- Abbreviation: JeI-JK
- Leader: Ghulam Qadir Wani (head of the organisational panel)
- Founders: Maulana Saaduddin Tarabali Maulana Ghulam Ahmad Ahrar Hakim Ghulam Nabi
- Founded: 1953
- Banned: 28 February 2019
- Headquarters: Srinagar, Jammu & Kashmir, India
- Ideology: Islamism Islamic fundamentalism Islamic revivalism Social conservatism Separatism Regionalism
- Political position: Right-wing to Far-right
- Religion: Islam
- International affiliation: Jamaat-e-Islami
- Colors: Green, white, cyan

Party flag

= Jamaat-e-Islami Kashmir =

Political organisation in Jammu and Kashmir

The Jamaat-e-Islami Kashmir or Jamaat-e-Islami Jammu and Kashmir (JIJK) is an Islamic political party based in the city of Srinagar in the Indian-administered territory of Jammu and Kashmir. It is distinct from the Jamaat-e-Islami Hind. The organisation's stated position on the Kashmir conflict is that Kashmir is a disputed territory and the issue must be sorted as per the UN or through tripartite talks between India, Pakistan and representatives of Kashmir.

==Origins==

===Reformist roots===
The JIJK stemmed from Islamic reformist activities in Kashmir in the late nineteenth century, when Jammu and Kashmir was under Dogra rule. One of the pioneers during this phase was the Mirwaiz of Kashmir, Maulana Rasul Shah, who formed the Anjuman Nusrat ul-Islam ("The Society for the Victory of Islam") in 1899 which aimed to impart both modern and Islamic education, and eliminate what were seen as un-Islamic "innovations" (bida'at) and superstitions that had become part of the popular Sufi practices.

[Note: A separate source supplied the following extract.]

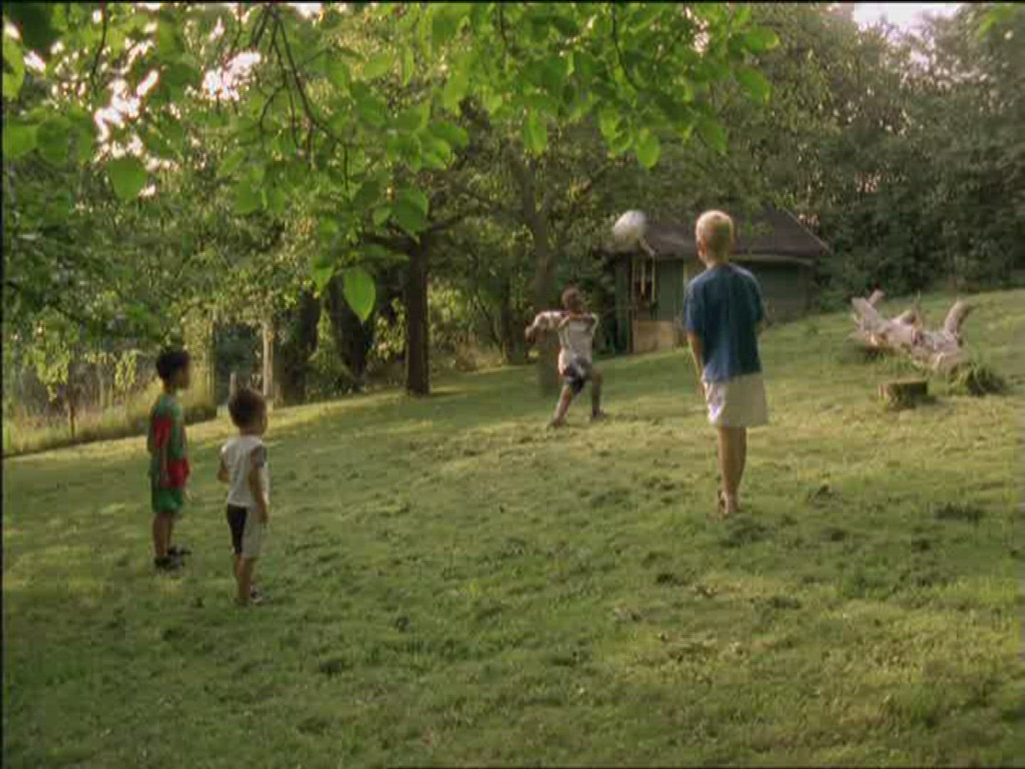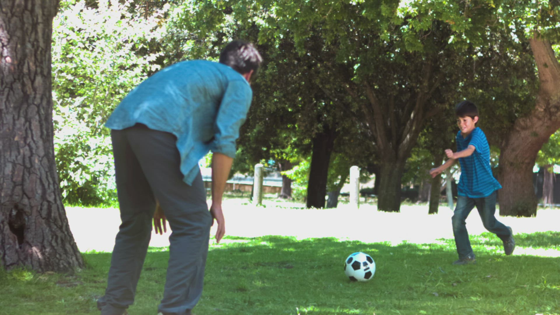 a Boy in a Blue Festive Suit is Standing With His Foot on a Soccer Ball. he Looks Away and Smiles. in the Background a Beautiful Brown Cottage Lit by the Sun. Slow Motion

The Anjuman activists established the Islamiya High School and the Oriental College in Srinagar. Rashul Shah's successor, Mirwaiz Yusuf Shah, connected Anjuman with other Islamic reformist groups throughout India. He created the Muslim Printing Press, inaugurated two weeklies called al-Islam and Rahnuma, and published the first translation and commentaries of the Quran in the Kashmiri language.

The connections with other Indian Muslim groups brought the Ahl-i-Hadith movement to Kashmir. Sayyed Hussain Shah Batku, began a campaign to eradicate innovations in Kashmiri Muslim society. Although this movement failed due to a lack of mass support, it formed a precursor to JIJK's later reformist agenda.

===Origins of the Jamaat-e Islami Kashmir===
Jamaat-e-Islami Kashmir's progenitors came from middle-class families associated with Sufism, who were disillusioned with the secular politics of the National Conference and the Muslim nationalism advocated by the Muslim Conference. They chose to work for Islam advocated by the Islamist ideologue Maulana Maududi, who founded Jamaat-e-Islami in India.

The early pioneers included Sa'aduddin Tarabali, who came from the family of Sufi mystic Ahmad Sahib Tarabali. Tarabali influenced many Kashmiri men in Shopian, then a political hub, including Maulana Ghulam Ahmad Ahrar, a member of the Islamic reformist group Majlis-i-Ahrar, who also came from a family of Sufi connections, and Hakim Ghulam Nabi of Pulwama, who came from a family of Pirs. These men were dissatisfied with the contemporary religious practices in Kashmir which they saw as un-Islamic and were also dissatisfied with secular Kashmiri leaders such as Sheikh Abdullah who were deemed to be insufficiently Islamic.

The first all-India ijtema of Jamaat-e-Islami was held at Pathankot in 1945, which was attended by four Kashmiris. Sa'aduddin, Qari Saifuddin and Muhammad Hussain Chishti established the Jamaat in Kashmir and thus Sa'aduddin became the amir, a position he held till 1985.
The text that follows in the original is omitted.